Football Against Racism in Europe (FARE) said it had designated the match as “high risk” prior to it taking place, and called for UEFA to act decisively.
“We commend the reaction of the England players involved, no human being should have to face abuse and vilification for their race or identity, something that many Montenegrins will understand from the divisive and bloody recent history of the Balkans,” FARE said in a statement.
“We hope that UEFA will act decisively, the sanctions that could be applied for an offence of this kind range from a partial stadium closure to full stadium closure.”
The statement added: “The challenge of tackling racism and other forms of discrimination in European football however remains an ongoing issue. The societal change and education that is the ultimate solution is slow to take place.
“Even in the countries of Western Europe where there has been investment and focus on these issues discrimination remains a stain on football.”
Labour Party leader Jeremy Corbyn called the abuse “disgusting” in a tweet, while his deputy Tom Watson was critical of UEFA.
“The appalling racial abuse directed at England footballers in Montenegro cannot be allowed to continue,” Watson wrote in a tweet.
“For far too long UEFA has obfuscated its responsibilities. Officials must heed the significant words of Raheem Sterling and impose a full stadium ban.”
Gareth Southgate underlined the need for education when tackling the kind of racism endured by England’s players on a night of shame in Montenegro.
Ross Barkley’s brace was complemented by goals from Michael Keane, Harry Kane and Raheem Sterling as the Three Lions overcame the hosts’ early opener to seal an impressive 5-1 win.
But there was barely any talk about the football after Monday night’s Euro 2020 qualifier as the Group A clash in Podgorica was marred by racism.
Danny Rose and Callum Hudson-Odoi were subjected to monkey chants in the first half, with Sterling celebrating the fifth goal by pulling his ears as a sign of defiance to what he later called on social media “racists”.

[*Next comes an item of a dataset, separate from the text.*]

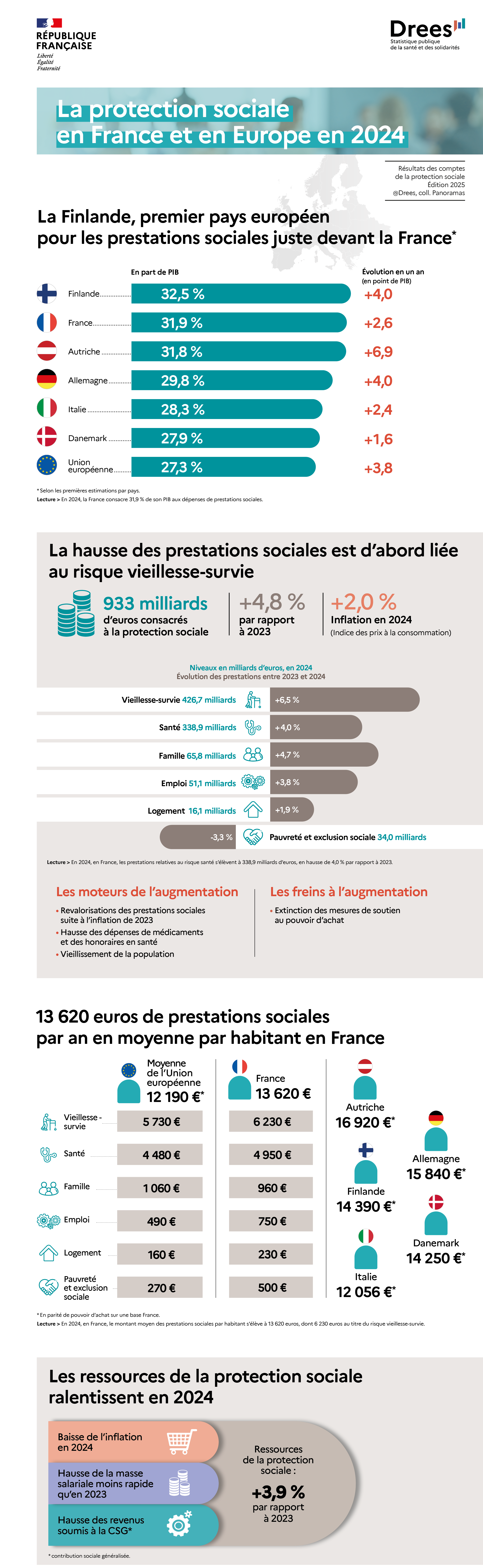 Lecture > En 2024, les prestations de protection sociale représentent 31,9 % du PIB en France et 27,3 % du PIB en moyenne dans l’Union européenne à 27.

Rose was abused again towards the end of the match and UEFA is now set to launch an investigation into the abuse.
An emotional Southgate struggled to gather his thoughts after the game and did not want to be drawn into sanctions, instead pointing to education when he was told that Montenegro boss Ljubisa Tumbakovic claimed not to have heard anything.
“I don’t think I need to comment on what was said,” England boss Southgate said. “It was clear to everybody that there were comments made.

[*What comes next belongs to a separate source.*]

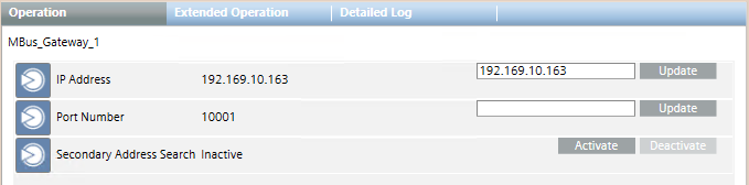 In the Operation tab, do the following: a.(Optional) Next to the IP Address property, modify the gateway IP address and click Update. The IP Address property updates and displays its setting. b.(Optional) Next to the Port Number property, modify the gateway port number and click Update. The Port Number property updates and displays its setting. c. Next to the Secondary Address Search property, click Activate to enable a secondary address search on the device.

“Reflecting on sanctions, sanctions are only of any use if they lead to education.
“Sanctions are worthless if there is nothing alongside that to help educate people.
“My kids don’t think for one minute about where people are born, what language they speak, what colour they are.”
He said: “There’s an innocence about young people that is only influenced by older people. So, we have to make sure that the education is right for everybody.
“In our country, (it’s) the same. I’ve said this before, I’m not sitting here just criticising what’s happened tonight because in our country we have the same issue. We’re not free of it.
“You can sanction clubs (or countries), but frankly that’s not going to stop one or two people who are of a mindset from doing what they want to do.
“So, we have to make sure that we educate young people because we have a better chance with young people and then we’ve got to lead that as far and as wide as we possibly can.”